## Exercise description:
The whole listing below needs to be duplicated exactly, pictures aside.

## Dataset content:

====================

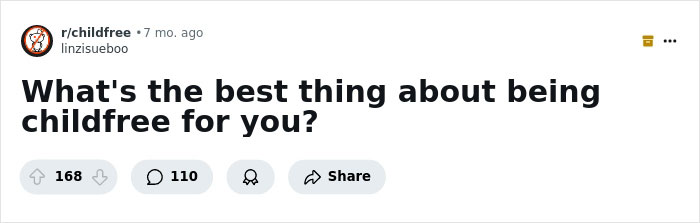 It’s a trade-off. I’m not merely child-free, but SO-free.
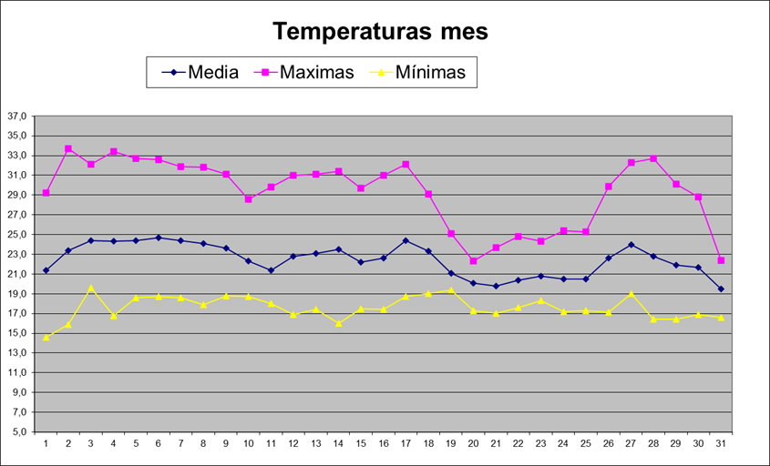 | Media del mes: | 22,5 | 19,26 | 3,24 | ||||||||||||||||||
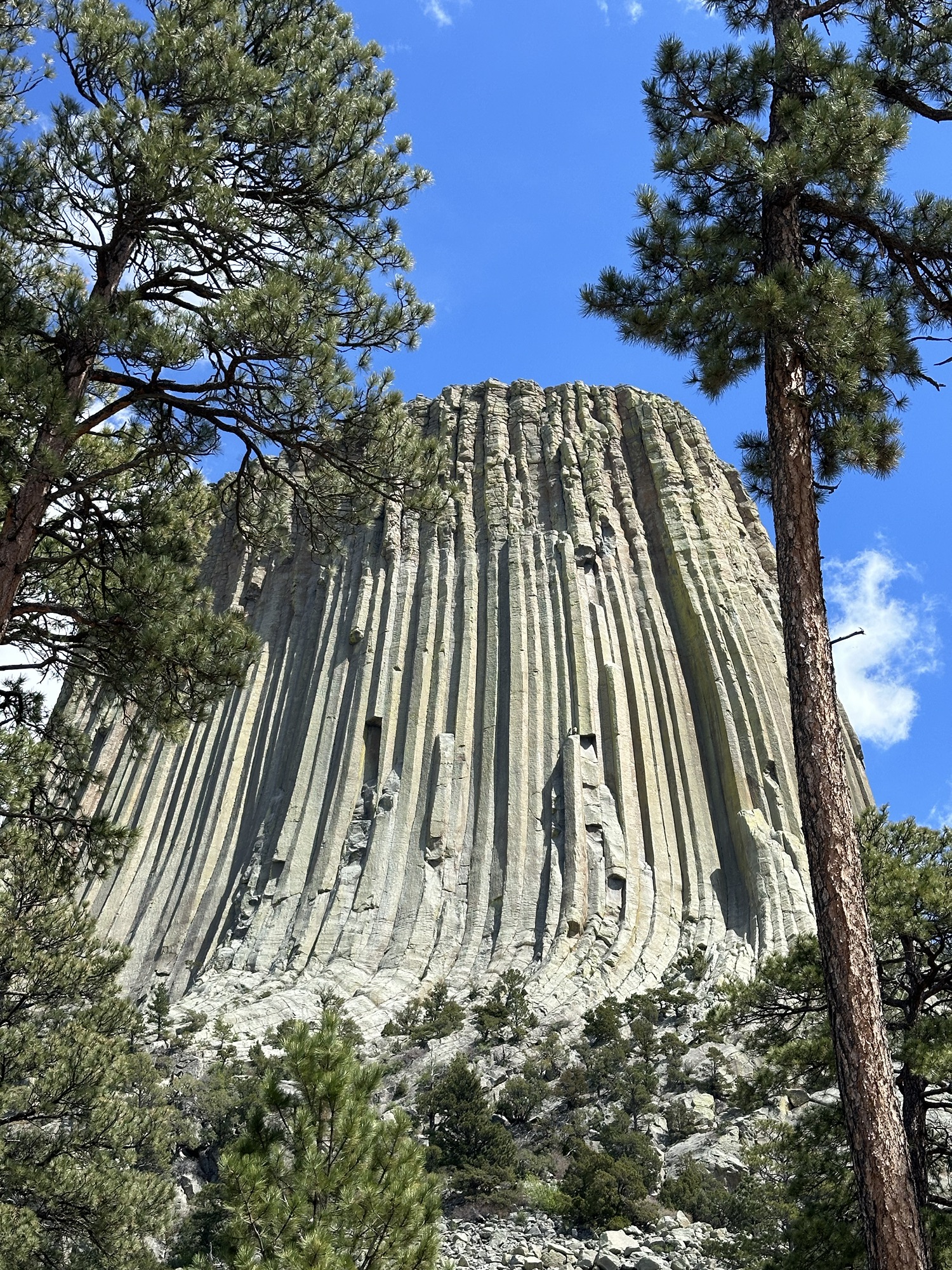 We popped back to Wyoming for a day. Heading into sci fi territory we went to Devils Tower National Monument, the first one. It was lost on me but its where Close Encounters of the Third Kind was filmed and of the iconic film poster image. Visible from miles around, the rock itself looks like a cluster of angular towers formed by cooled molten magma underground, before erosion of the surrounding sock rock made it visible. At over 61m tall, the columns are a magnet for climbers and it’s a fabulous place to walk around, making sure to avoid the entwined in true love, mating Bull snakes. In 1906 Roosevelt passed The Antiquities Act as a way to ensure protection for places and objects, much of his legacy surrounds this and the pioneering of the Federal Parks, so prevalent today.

====================

## Written reply:
 It’s a trade-off. I’m not merely child-free, but SO-free.
 | Media del mes: | 22,5 | 19,26 | 3,24 | ||||||||||||||||||
 We popped back to Wyoming for a day. Heading into sci fi territory we went to Devils Tower National Monument, the first one. It was lost on me but its where Close Encounters of the Third Kind was filmed and of the iconic film poster image. Visible from miles around, the rock itself looks like a cluster of angular towers formed by cooled molten magma underground, before erosion of the surrounding sock rock made it visible. At over 61m tall, the columns are a magnet for climbers and it’s a fabulous place to walk around, making sure to avoid the entwined in true love, mating Bull snakes. In 1906 Roosevelt passed The Antiquities Act as a way to ensure protection for places and objects, much of his legacy surrounds this and the pioneering of the Federal Parks, so prevalent today.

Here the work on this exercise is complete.